The cult of “New Zion” isn’t important, but the way we think of our past selves as other people certainly is.
Track: “New Zion”
Album: Heretic Pride (2008)
First things first, Heretic Pride is a unique album to talk about because it’s illustrated. John Darnielle wrote descriptions of each song and asked the artist Jeffrey Lewis to illustrate them. It’s one of the most fascinating pieces of Mountain Goats art that exists. The art is spectacular and it’s possibly the most complete discussion of an album in the band’s history.
The source text, then, says “New Zion” is about a cult that doesn’t exist, but it’s also about John Darnielle’s fascination with the way something can consume you the moment you become aware of it. He describes “cultmania” in the illustration and laments that the world has fewer “bizarre screeds” now. The character in “New Zion” has lost their faith but not their people. They remember the flash or the importance of religion and remembers how it all started “like the memory of a movie.” Those days are gone.

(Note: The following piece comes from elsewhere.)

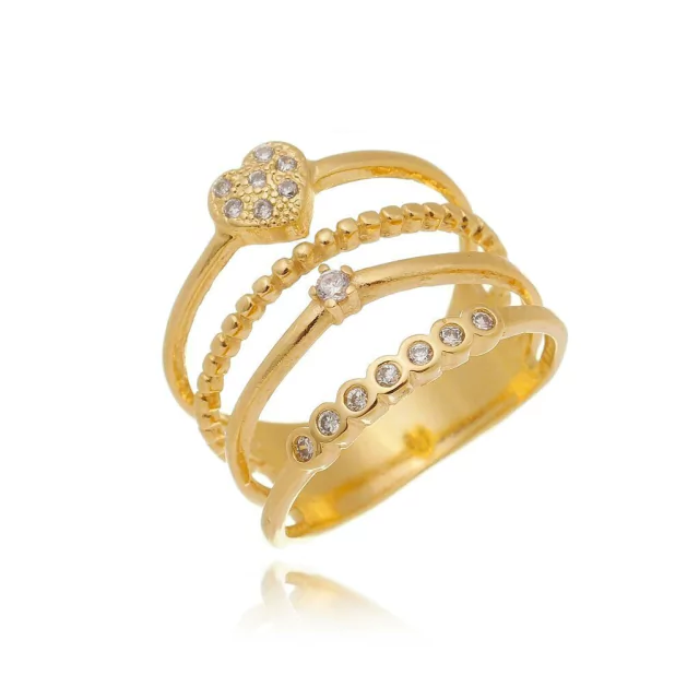 Anel com 4 fileiras, sendo a primeira fileira com um coração cravejado ao centro, a segunda fileira com bolinhas, a terceira fileira com uma mini zirconia e a quarta fileira com 7 zirconias.
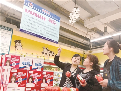 圖為4月25日酒泉市北京華聯超市的工作人員正在向消費者仔細講解“臨近保質期食品銷售專區”內食品挑選、購買知識/攝影 王依依

As much as the song is about their present in the cult, it’s about the past that they can’t quite summon up. It’s a literal cult, but it’s also the feeling of being fully reborn as a new person with no concept of the old you. As the protagonist says they “dreamed a dream of where I come from” you can imagine the difficulty of recalling a past that they’re supposed to be beyond. The specifics of the cult aren’t important — the song mentions ravens and robes, so you get a general sense — but the general nature of transition is. As with so many Goats songs, “New Zion” talks about how transition is painful whether it’s voluntary or not. They’re waiting for someone to come save them physically, but they’re concerned that it’s too late to save everything else.